◆ EXERCISE ◆
In the copy, keep every line below as it is and leave out the pictures.
(LISTED RECORDS)
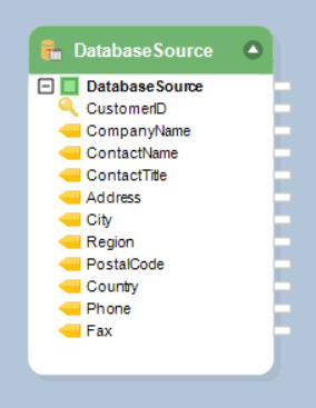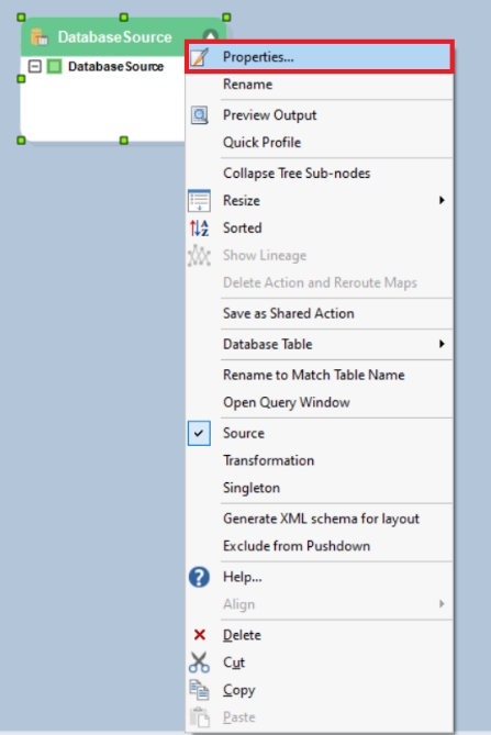 To configure the Database Table Source object, right-click on its header and select Properties from the context menu.
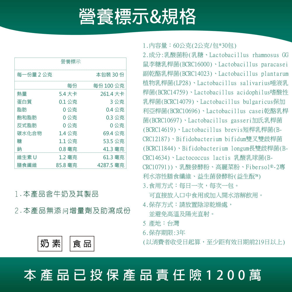 1.內容物規格:2公克/包共30包 2.內容物成分:如圖示 3.商品產地:台灣 4.代理廠商名稱:瀚軒國際貿易有限公司 5.代理廠商電話:02-82451347 6.代理廠商地址:新北市中和區中正路218-7號14樓 7.食品業者登錄字號:F-124728184-00000-9 8.有機認證證書字號:1-010-300946 9.產品責任險字號:新光產物保險13111AKP0000229 10.保存方式:常溫,避免陽光直射(請放至清潔乾燥陰涼處) 11.保存期限:3年(未開封)(以消費者收受日起算,至少距有效日期前219日以上)
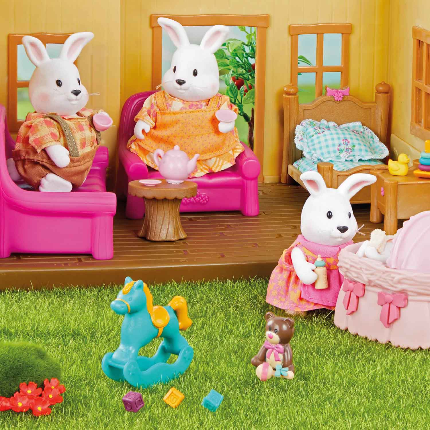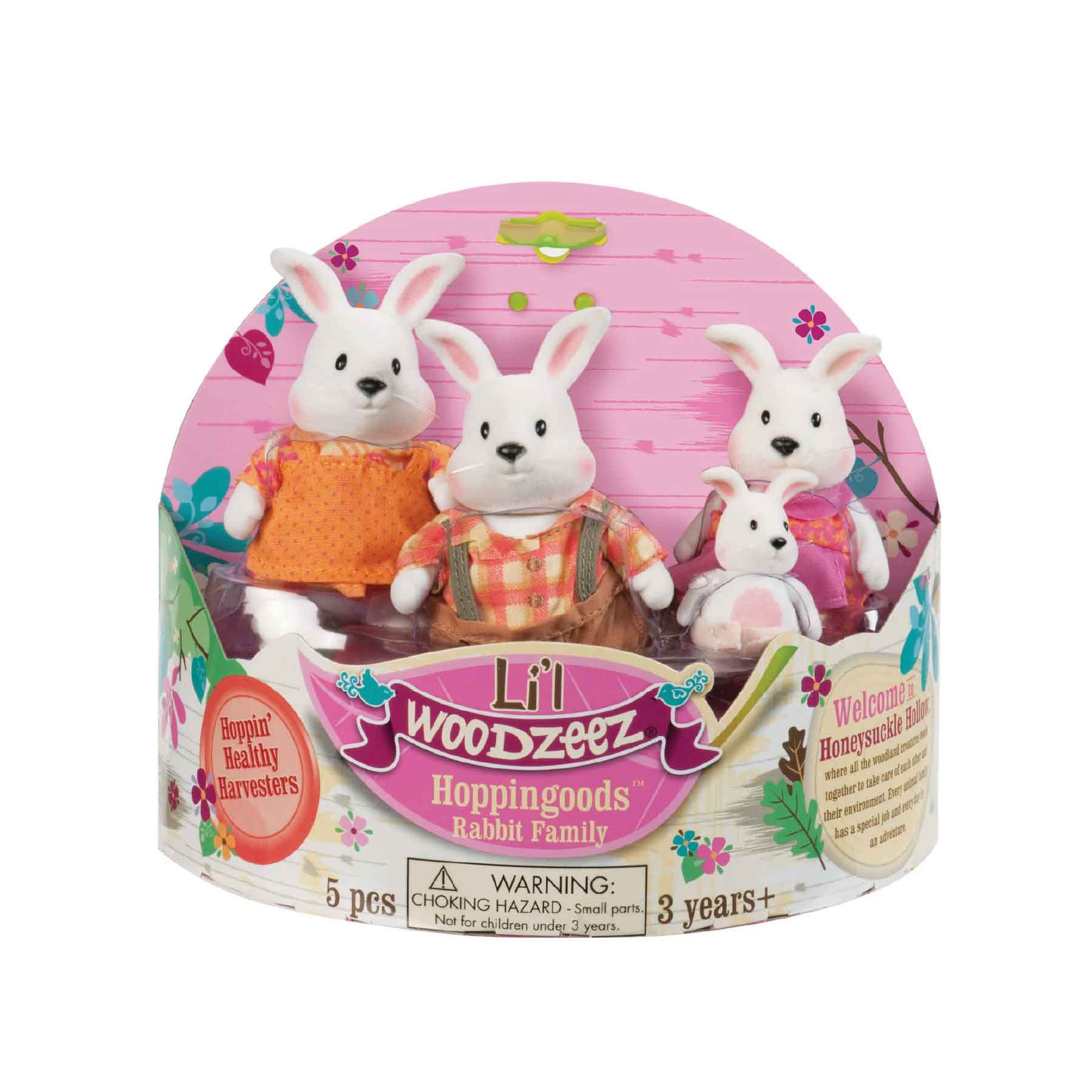 ¡Saluda a la familia de Conejos! Estos animales viven en Honeysuckle Hollow, un vecindario amigable donde todos los Li'l Woodzeez trabajan juntos y se divierten. Este set viene con cuatro personajes de conejos: mamá Amelia, papá Elliot y los niños Star y Theo. También se incluye un libro de cuentos familiar, para que pueda aprender más sobre las aventuras de los conejos. Estos pequeños juguetes son suaves al tacto y puedes mover la cabeza, los brazos y las piernas durante horas de juego. Cada figura viene con un atuendo colorido, que puedes mezclar y combinar con otros juguetes Li'l Woodzeez. ¡Usa tu imaginación para explorar el increíble mundo de Honeysuckle Hollow!
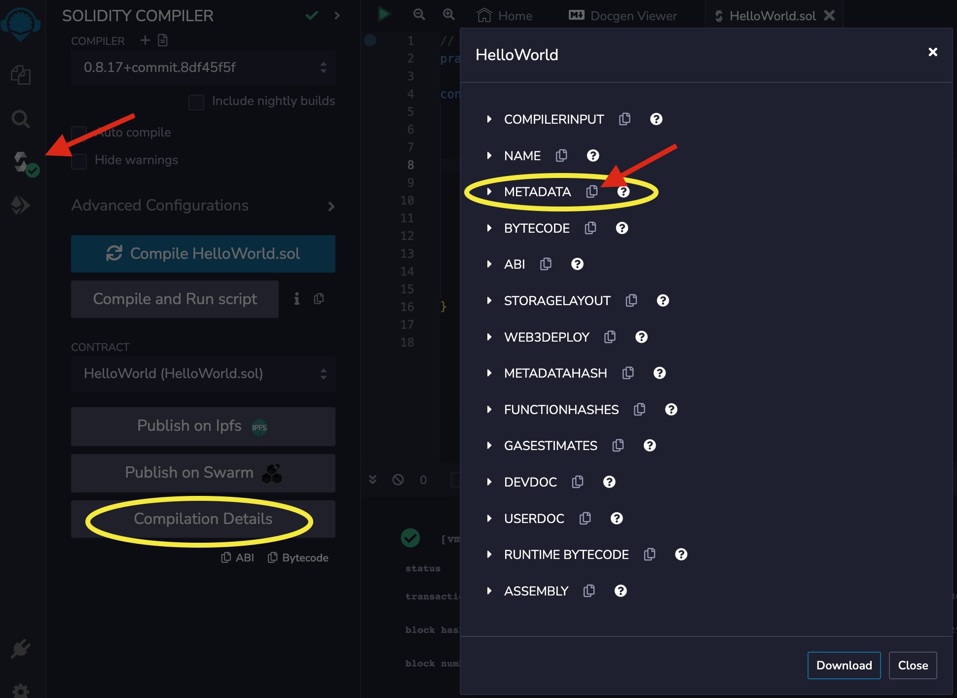 --metadata flag to the Solidity command line compiler to get the metadata output printed.solc vs. solcjs📣 solcjs will not generate the metadata using the --metadata flag. The option is only supported in solc.HelloWorld smart contract:
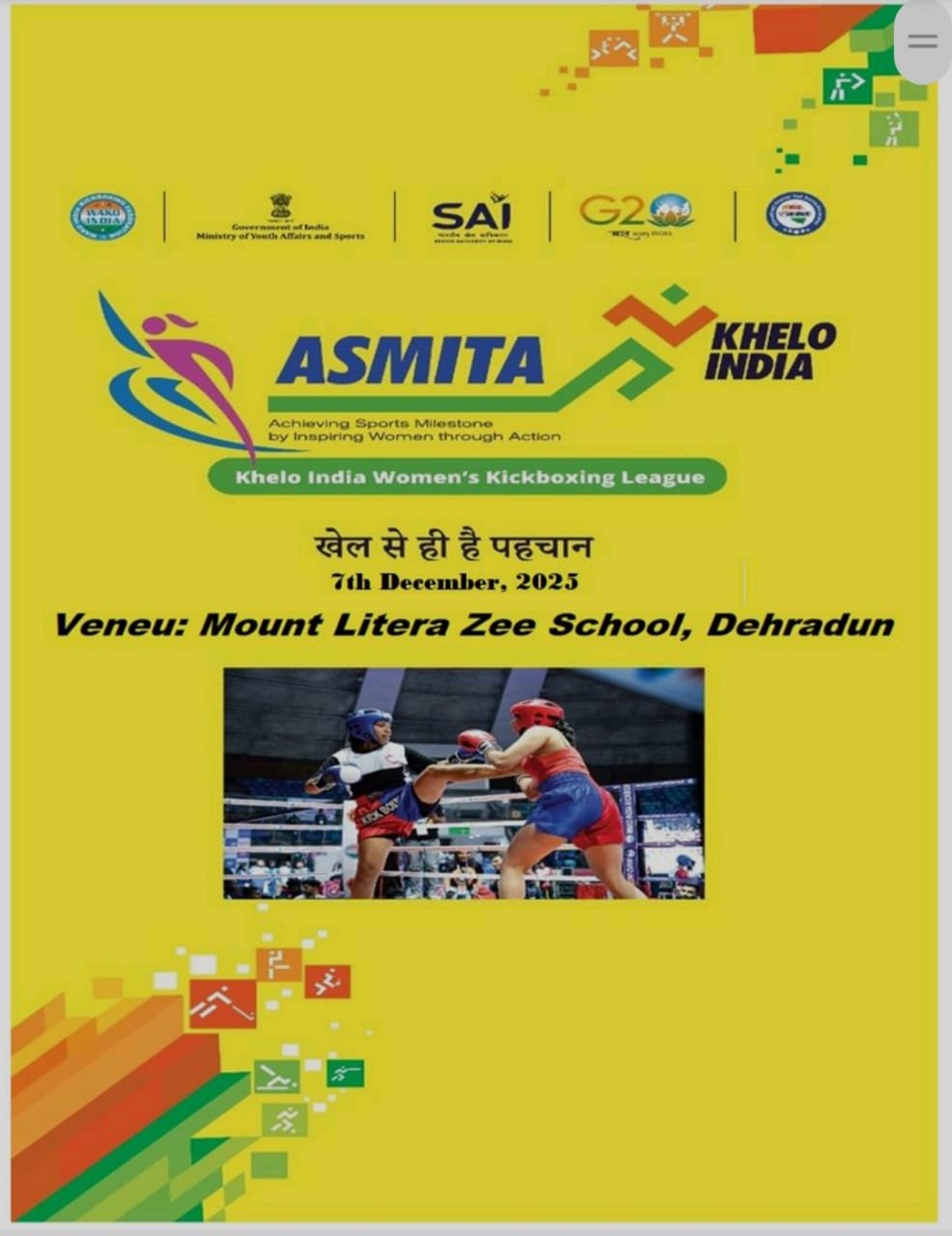 देहरादून । देहरादून में 7 दिसंबर को खेलो इंडिया द्वारा 113वीं अस्मिता किक बॉक्सिंग लीग का आयोजन माउंट लिटर जी स्कूल में किया गया। इस प्रतिष्ठित प्रतियोगिता में ऋषिकेश के किक बॉक्सिंग कोच अनुज गौड़ के मार्गदर्शन में परमार्थ विद्या मंदिर विद्यालय की प्रतिभाशाली छात्राओं ने हिस्सा लिया और अपने शानदार प्रदर्शन से सबका दिल जीत लिया।
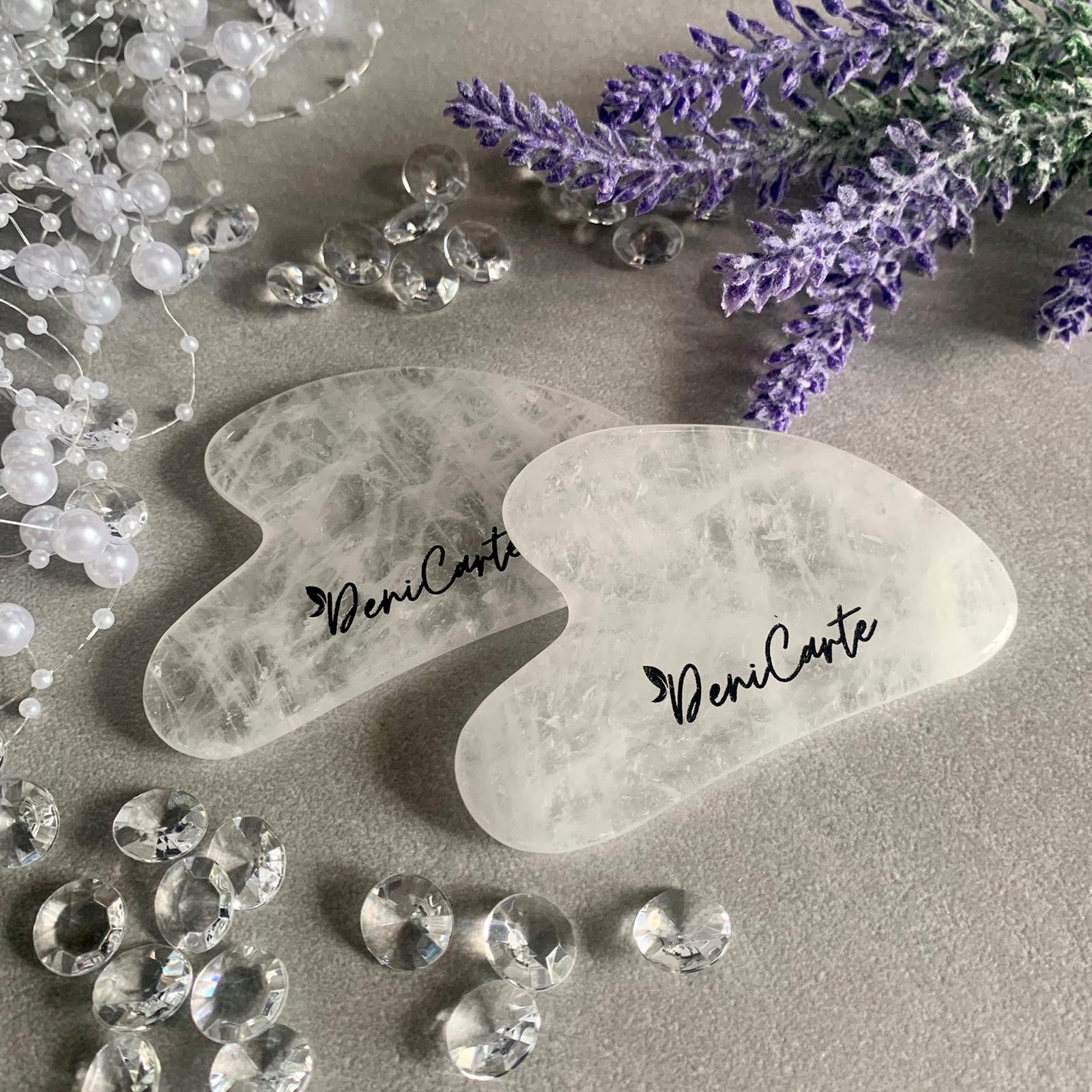 МАССАЖЕР ДЛЯ ЛИЦА БЕЛЫЙ КВАРЦ С ПЛАСТИНАМИ ГУА ША
(End LISTED RECORDS)
◆ REPLY ◆
 To configure the Database Table Source object, right-click on its header and select Properties from the context menu.
 1.內容物規格:2公克/包共30包 2.內容物成分:如圖示 3.商品產地:台灣 4.代理廠商名稱:瀚軒國際貿易有限公司 5.代理廠商電話:02-82451347 6.代理廠商地址:新北市中和區中正路218-7號14樓 7.食品業者登錄字號:F-124728184-00000-9 8.有機認證證書字號:1-010-300946 9.產品責任險字號:新光產物保險13111AKP0000229 10.保存方式:常溫,避免陽光直射(請放至清潔乾燥陰涼處) 11.保存期限:3年(未開封)(以消費者收受日起算,至少距有效日期前219日以上)
 ¡Saluda a la familia de Conejos! Estos animales viven en Honeysuckle Hollow, un vecindario amigable donde todos los Li'l Woodzeez trabajan juntos y se divierten. Este set viene con cuatro personajes de conejos: mamá Amelia, papá Elliot y los niños Star y Theo. También se incluye un libro de cuentos familiar, para que pueda aprender más sobre las aventuras de los conejos. Estos pequeños juguetes son suaves al tacto y puedes mover la cabeza, los brazos y las piernas durante horas de juego. Cada figura viene con un atuendo colorido, que puedes mezclar y combinar con otros juguetes Li'l Woodzeez. ¡Usa tu imaginación para explorar el increíble mundo de Honeysuckle Hollow!
 --metadata flag to the Solidity command line compiler to get the metadata output printed.solc vs. solcjs📣 solcjs will not generate the metadata using the --metadata flag. The option is only supported in solc.HelloWorld smart contract:
 देहरादून । देहरादून में 7 दिसंबर को खेलो इंडिया द्वारा 113वीं अस्मिता किक बॉक्सिंग लीग का आयोजन माउंट लिटर जी स्कूल में किया गया। इस प्रतिष्ठित प्रतियोगिता में ऋषिकेश के किक बॉक्सिंग कोच अनुज गौड़ के मार्गदर्शन में परमार्थ विद्या मंदिर विद्यालय की प्रतिभाशाली छात्राओं ने हिस्सा लिया और अपने शानदार प्रदर्शन से सबका दिल जीत लिया।
 МАССАЖЕР ДЛЯ ЛИЦА БЕЛЫЙ КВАРЦ С ПЛАСТИНАМИ ГУА ША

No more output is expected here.